►

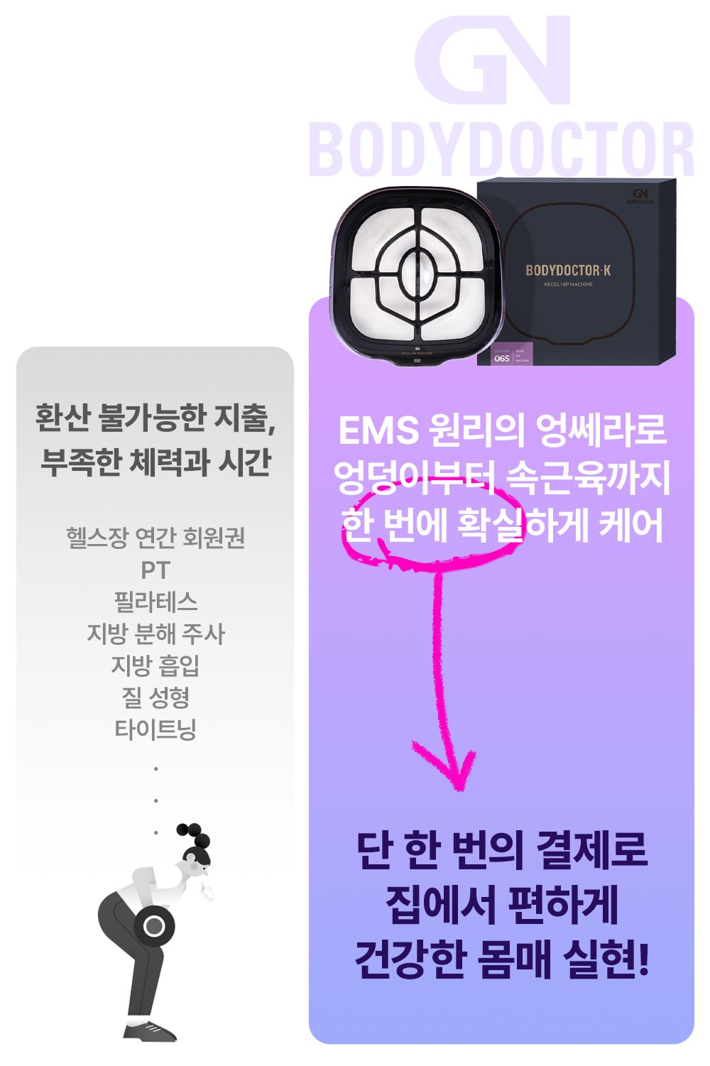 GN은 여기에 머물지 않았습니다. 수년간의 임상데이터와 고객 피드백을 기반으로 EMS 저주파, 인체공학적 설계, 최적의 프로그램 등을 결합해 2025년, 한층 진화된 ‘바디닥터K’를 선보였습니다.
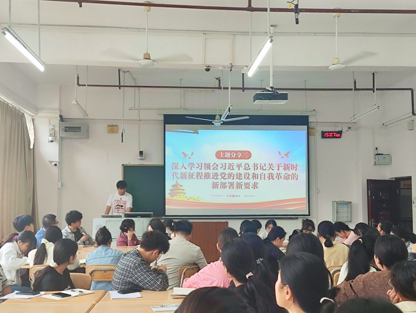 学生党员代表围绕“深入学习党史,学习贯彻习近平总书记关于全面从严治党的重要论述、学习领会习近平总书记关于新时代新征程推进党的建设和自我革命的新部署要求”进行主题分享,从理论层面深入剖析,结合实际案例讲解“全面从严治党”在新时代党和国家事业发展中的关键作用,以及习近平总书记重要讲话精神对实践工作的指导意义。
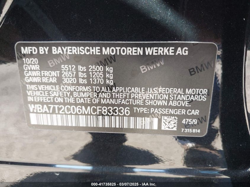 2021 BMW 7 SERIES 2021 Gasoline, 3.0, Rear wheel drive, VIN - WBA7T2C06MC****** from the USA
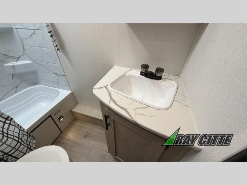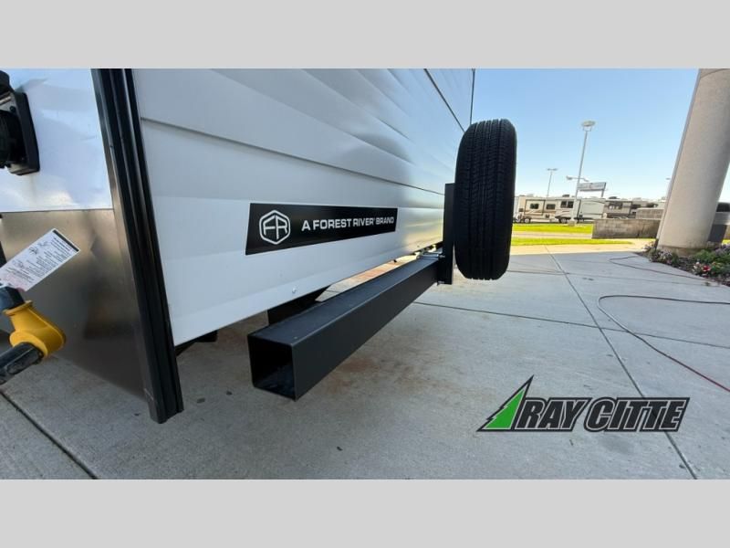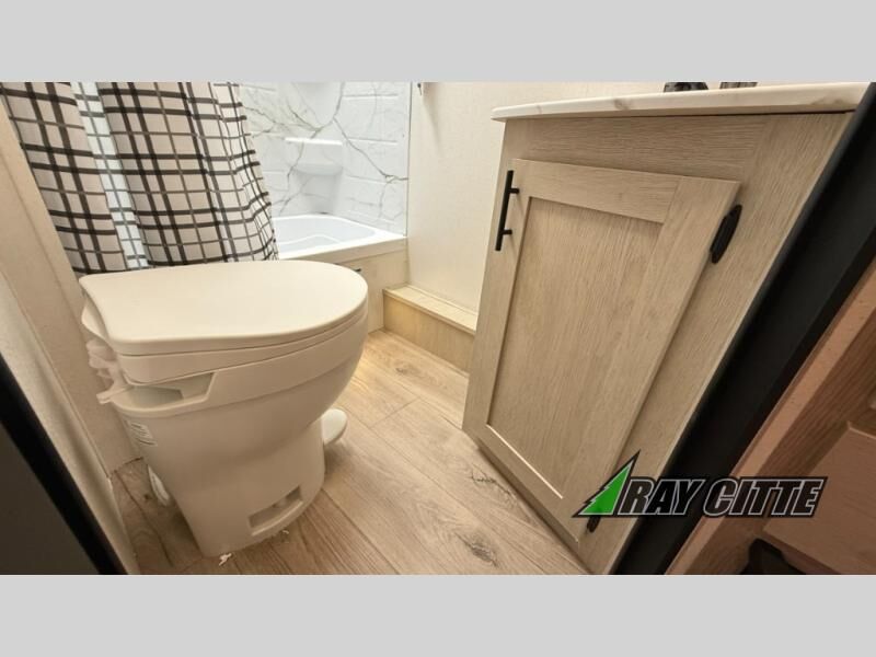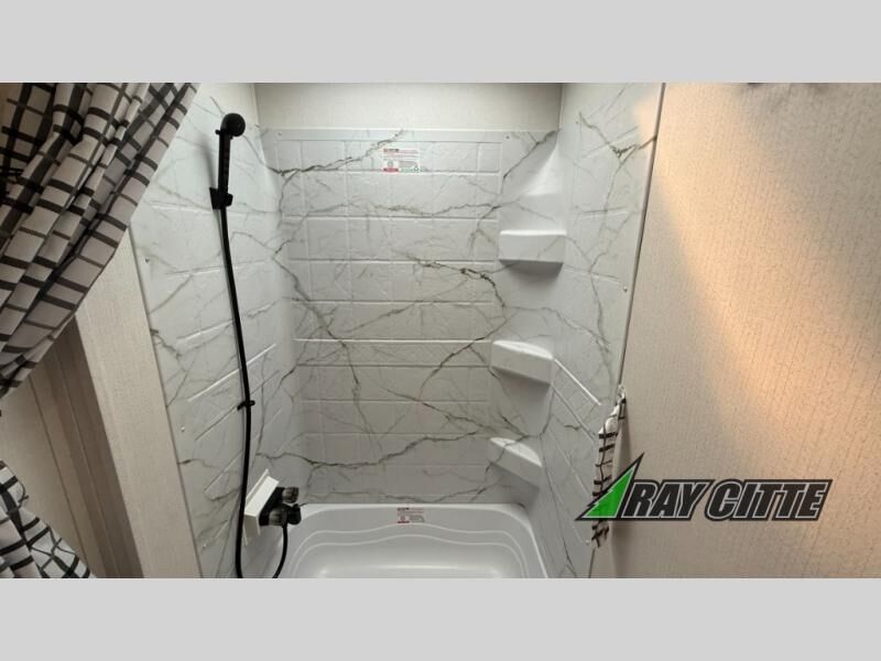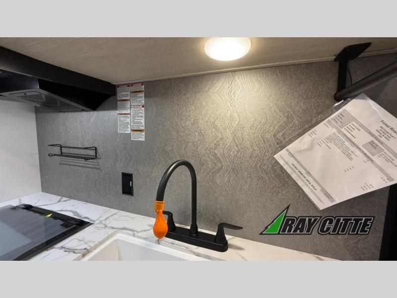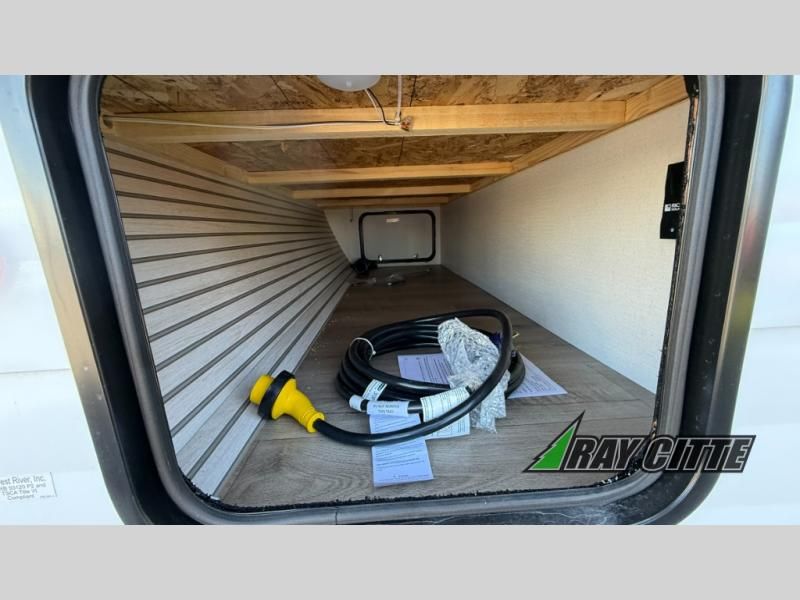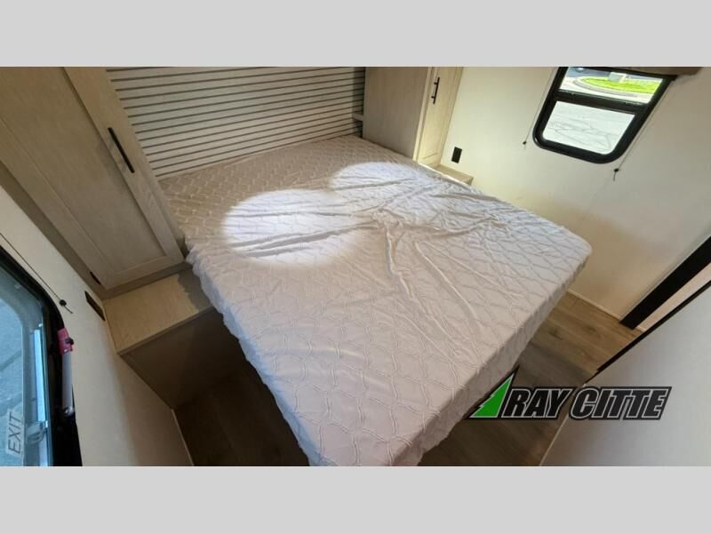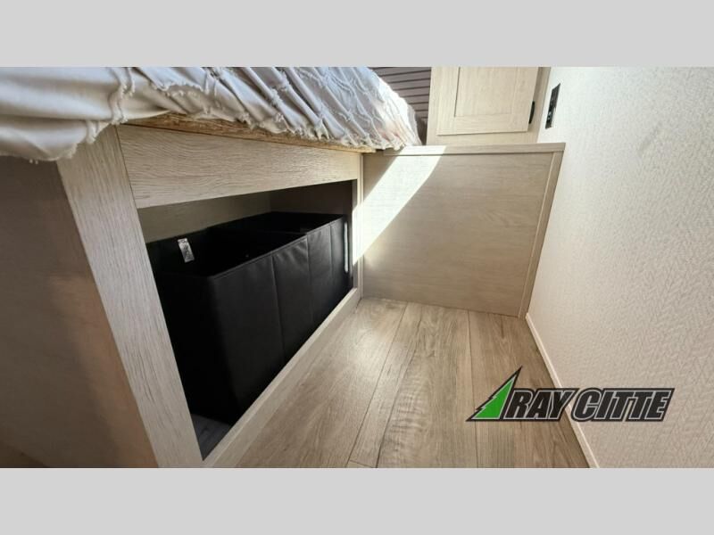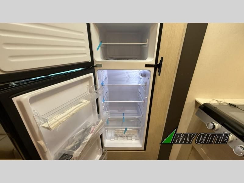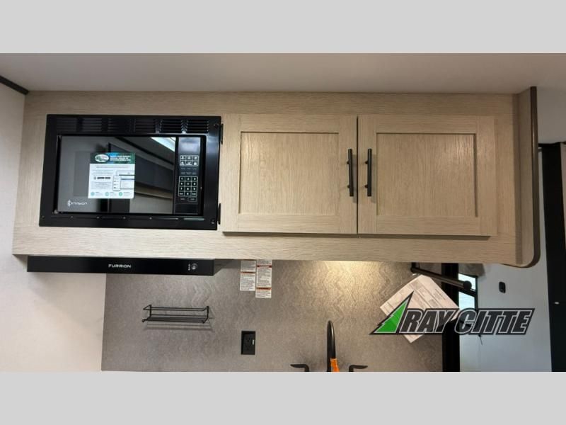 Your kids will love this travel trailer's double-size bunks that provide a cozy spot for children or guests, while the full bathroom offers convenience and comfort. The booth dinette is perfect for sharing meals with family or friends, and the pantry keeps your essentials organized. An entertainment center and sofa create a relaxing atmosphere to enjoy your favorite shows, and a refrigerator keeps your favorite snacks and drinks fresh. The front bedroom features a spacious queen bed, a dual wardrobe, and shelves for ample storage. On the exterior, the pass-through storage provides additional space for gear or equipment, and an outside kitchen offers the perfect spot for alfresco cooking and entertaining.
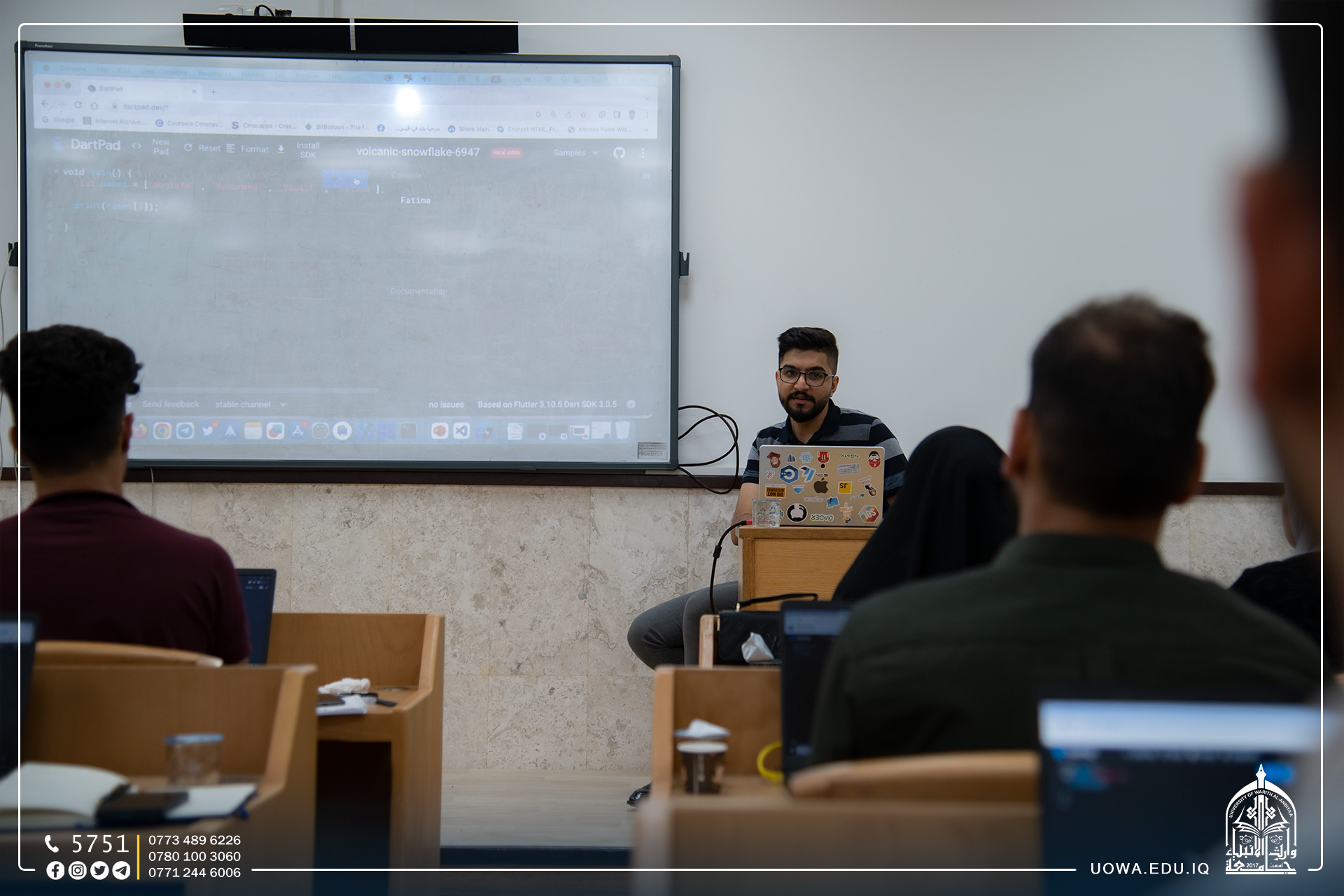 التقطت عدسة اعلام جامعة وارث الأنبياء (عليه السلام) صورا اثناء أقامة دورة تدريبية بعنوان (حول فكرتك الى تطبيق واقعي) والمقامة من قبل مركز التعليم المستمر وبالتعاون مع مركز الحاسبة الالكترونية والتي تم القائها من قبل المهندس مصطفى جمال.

◄

● THE PROBLEM:
All of the lines above should be retyped precisely, apart from the pictures.

● EXERCISE RESPONSE:
 GN은 여기에 머물지 않았습니다. 수년간의 임상데이터와 고객 피드백을 기반으로 EMS 저주파, 인체공학적 설계, 최적의 프로그램 등을 결합해 2025년, 한층 진화된 ‘바디닥터K’를 선보였습니다.
 学生党员代表围绕“深入学习党史,学习贯彻习近平总书记关于全面从严治党的重要论述、学习领会习近平总书记关于新时代新征程推进党的建设和自我革命的新部署要求”进行主题分享,从理论层面深入剖析,结合实际案例讲解“全面从严治党”在新时代党和国家事业发展中的关键作用,以及习近平总书记重要讲话精神对实践工作的指导意义。
 2021 BMW 7 SERIES 2021 Gasoline, 3.0, Rear wheel drive, VIN - WBA7T2C06MC****** from the USA
 Your kids will love this travel trailer's double-size bunks that provide a cozy spot for children or guests, while the full bathroom offers convenience and comfort. The booth dinette is perfect for sharing meals with family or friends, and the pantry keeps your essentials organized. An entertainment center and sofa create a relaxing atmosphere to enjoy your favorite shows, and a refrigerator keeps your favorite snacks and drinks fresh. The front bedroom features a spacious queen bed, a dual wardrobe, and shelves for ample storage. On the exterior, the pass-through storage provides additional space for gear or equipment, and an outside kitchen offers the perfect spot for alfresco cooking and entertaining.
 التقطت عدسة اعلام جامعة وارث الأنبياء (عليه السلام) صورا اثناء أقامة دورة تدريبية بعنوان (حول فكرتك الى تطبيق واقعي) والمقامة من قبل مركز التعليم المستمر وبالتعاون مع مركز الحاسبة الالكترونية والتي تم القائها من قبل المهندس مصطفى جمال.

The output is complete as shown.